TAMs play an important prognostic role in patients with classical Hodgkin lymphoma (HL) [20-22], follicular lymphoma (FL) [23], and MM [24-26]. Derived from the circulating monocytes, TAMs are recruited to the tumor site by tumor-derived chemotactic factors [27]. Tumor-derived chemotactic factors can influence the number of circulating monocytes and the TAMs, the level of TAM recruitment can be reflected by the peripheral blood absolute monocyte count (AMC), and it may be considered as an important surrogate marker for TAMs.
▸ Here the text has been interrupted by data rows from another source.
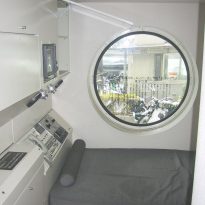 カプセルはスチールボックスで構成され、防錆処理とケニテックススプレーコーティングが施された強化亜鉛メッキ鋼板パネルで仕上げられている。
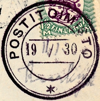 VARALEIMA "Postitoimisto-postantstalt" | He: 07-10.01.1930 (Helkiö) |
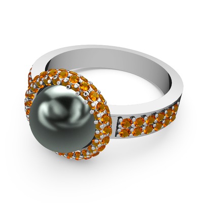 Sitrin ve siyah inci 14 ayar beyaz altın yüzük
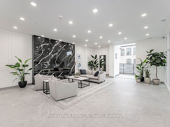 Experience the pinnacle of luxury in Unit 608 at the stunning Edgewater Condominium, a truly exclusive residence ideally located at the picturesque junction of the Eramosa River in vibrant Downtown Guelph. This remarkable 2-bedroom, 2-bath residence redefines upscale condo living. Upon entering, you'll be greeted by a seamless blend of modern style and practical elegance. The unit features engineered hardwood flooring throughout the living area and all bedrooms, creating a warm yet sophisticated atmosphere. The gourmet chef's kitchen is a true highlight, boasting a spacious waterfall island, high-end appliances, a stylish backsplash, and sleek stone countertops. The open-concept layout effortlessly connects the kitchen with the living and dining areas, accentuated by an impressive floor-to-ceiling tiled fireplace and a walk-out to a private balcony showcasing breathtaking city views. The thoughtfully designed primary bedroom offers a serene retreat, a generous walk-in closet, a private balcony, and a luxurious 5-piece ensuite featuring a standalone tub, glass shower and heated flooring. The second bedroom is conveniently located near a chic 3-piece bath and laundry area. Large windows throughout the unit bathe the space in natural light, enhancing the calming neutral tones. Additional conveniences include one underground parking space, a storage locker, and access to outstanding building amenities like a library, elegant party and media rooms, a fully equipped fitness centre, and guest suites. Living at Edgewater means being surrounded by a vibrant downtown filled with boutique shopping and exquisite dining, alongside the peacefulness of nearby parks and rivers. With easy access to GO and VIA train stations, this location is ideal for relaxation and commuting. Seize the opportunity to make this luxurious condo your new home and join the privileged few who can call Edgewater their own.
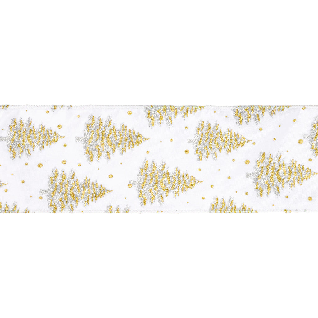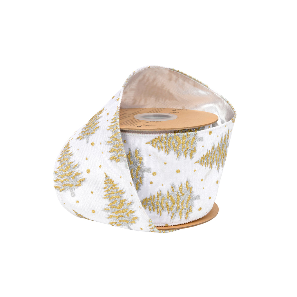 3 3/4” Wired Velvet Ribbon | Gold/Silver Trees on White w/ Silver Backing | 10 Yard Roll
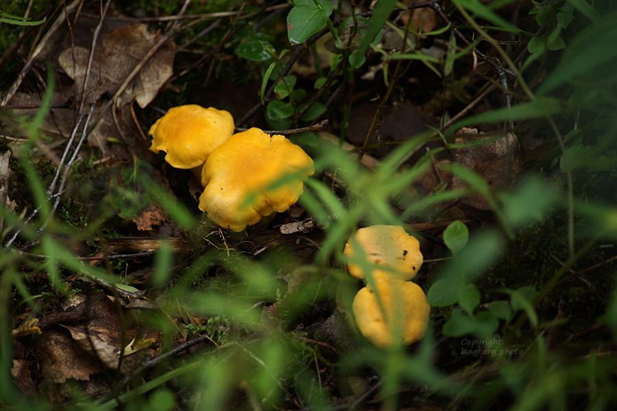 Vildkaprifolen börjar blomma och den doftar gudomligt!Vägen till fjärilsängen, grönt och fint.Kantarellerna börjar komma! Det har regnat en del här den senaste tiden och det har satt fart på dem. Innan regnet så hittade vi några också, men de var nästan helt uttorkade. En del björkar har redan börjat gulna.

AMC is a poor prognostic factor in diffusing large B-cell lymphoma (DLBCL) [28], FL [29], extranodal natural killer/T-cell lymphoma (ENKL) [30], HL [31], and MM [24].

Based on these results, the ALC-to-AMC ratio may be considered as a symbol of the relative strength of the host immune system to tumor-induced immune dysfunction. A lower LMR has a negative prognostic impact on several solid tumors and hematologic malignancies [7, 32, 33]. A recent study has reported that LMR < 3.6 can be considered a bad prognostic factor for PFS in patients with MM [34]. Therefore, LMR has been associated with the prognosis of patients with several tumors.
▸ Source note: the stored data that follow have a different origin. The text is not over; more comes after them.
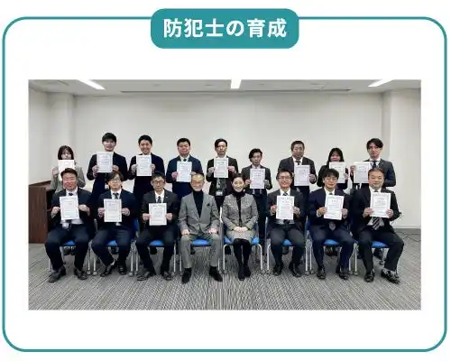 一般社団法人日本防犯学校の協力のもと、防犯の知識を持つ防犯士を育成。防犯を学んだ防犯士の知見を活かし「本当に犯罪を防ぐことができる」セキュリティ製品の開発を進めています。 |
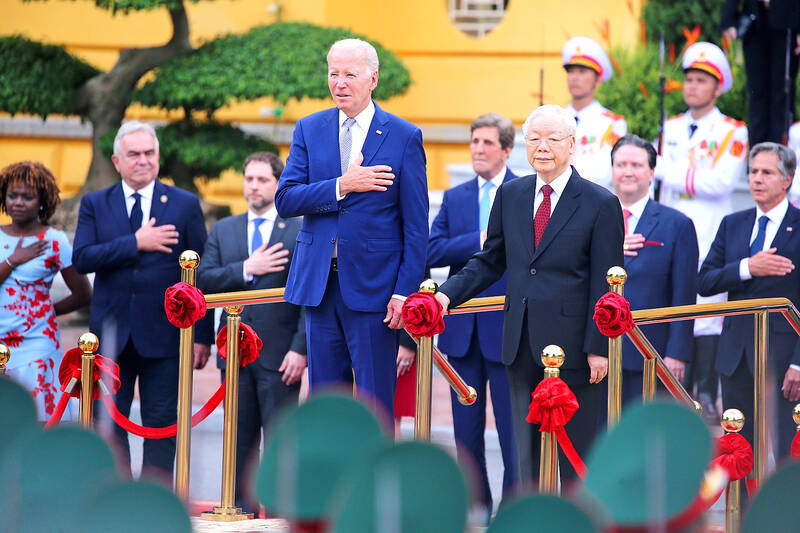 With China’s economic slowdown and President Xi Jinping’s (習近平) consolidation of political power, Biden sees an opportunity to bring more nations — including Vietnam and Cambodia — into the US’ orbit.
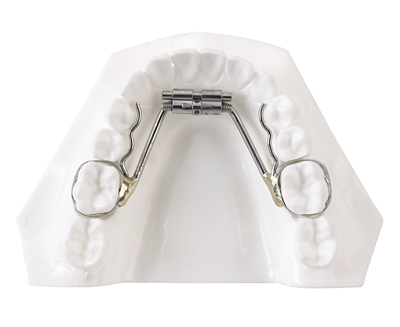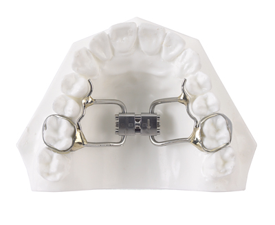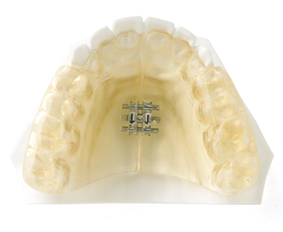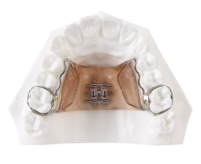 The Haas design incorporates palatal acrylic on each side of the upper vault as expansion screw soldered to bands on the first molars. Positive pressure is exerted evenly on the palatal tissue and teeth with this design.
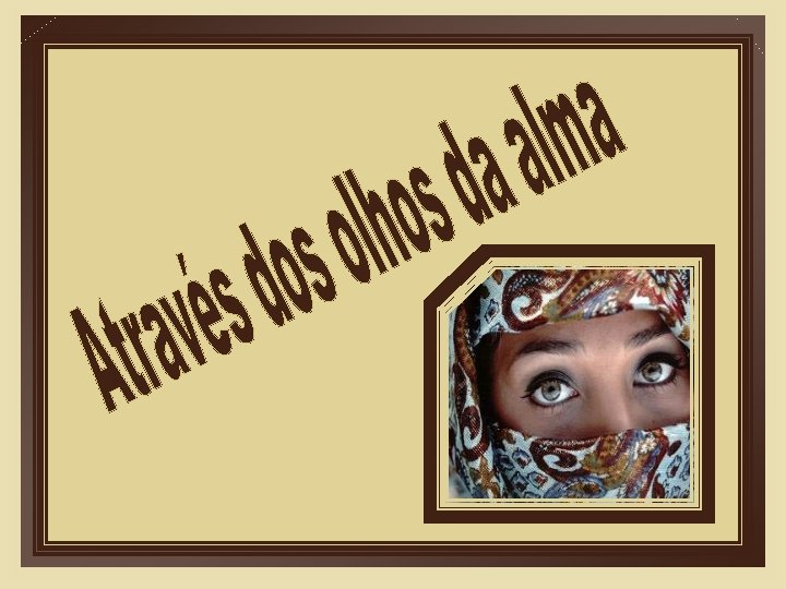 Através dos olhos da alma. . . A imaginação me faz sorrir, a mágica de seu olhar encanta-me, aquecendo-me com suas músicas, em cada cantinho do meu ser! Através dos olhos da alma. . . Encontrei você que me permitiu em lindos momentos. . . A sonhar junto aos sonhos seus. Através dos olhos da alma. . . A nossa sensibilidade sorriu! Unimos a melodia aos versos, emoldurando o nosso incerto amanhã!

In this paper, the prognostic impact of the LMR in newly diagnosed MM patients was treated by proteasome inhibitor and/or immunomodulatory drug-based chemotherapy was retrospectively evaluated. The result showed that LMR was an independent predictor for OS and PFS, and patients with LMR ≤4.2 had significantly elevated serum LDH, creatinine, calcium, and β2-microglobulin levels and a higher incidence of relapse. In addition, patients with LMR >4.2 had a higher incidence of t(11;14). However, Dosani et al. have found that LMR independently predicted del(17p) and t(4;14), rather than t(11;14) [35]. This may be due to differences in the study population and may also be related to differences in the selected cutoff values. Thus, prospective studies with a larger sample size must be conducted to validate the results.
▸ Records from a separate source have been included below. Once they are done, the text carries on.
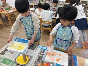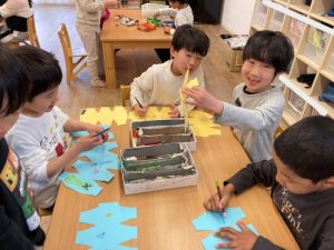 ひかり組さん、エプロンをつけて、製作に取り組んでますね!!
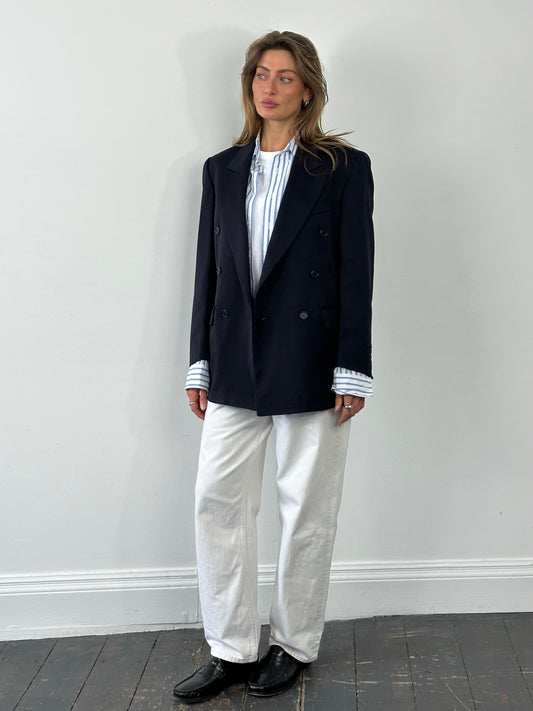 Yves Saint Laurent Pour Homme 1980s Pure Wool Double Breasted Blazer - M
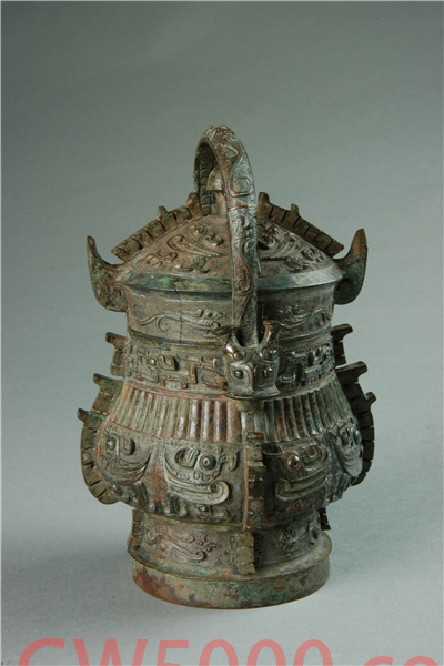 卣大体呈椭圆形,有盖,盖隆起,上有瓜棱状纽,沿下折。器身子口,鼓腹,圜底,圈足,并有提梁。整器分段饰有夔龙纹、凤鸟纹、瓦棱纹等,并有突起的扉棱。器盖对铭“祖辛”二字。这件铜卣造型典雅、纹饰清晰,是典型的三层纹饰结构,体现了商代晚期青铜铸造的高超工艺。

Considering the significance of LMR in clinical outcomes, certain tests have also been conducted to validate whether LMR could improve the prognostic impact of the ISS and R-ISS. Interestingly, based on the test results, the addition of LMR to the ISS further defined prognosis, particularly in stages II and III, whereas those to the R-ISS further defined prognosis in stage II. The combination of ISS or R-ISS and LMR improved the predictive value in patients treated with novel agents beforehand.

5. Conclusions

The LMR at diagnosis, which is a simple index reflecting host systemic immunity, can predict clinical outcomes in patients with MM who were treated with novel agents. In addition, LMR is an objective and cost-effective test result, and it can be easily obtained from CBC results. Owing to its significant value in clinical treatment, further studies on LMR must be conducted to better understand the roles of peripheral lymphocytes and monocytes in individuals with MM.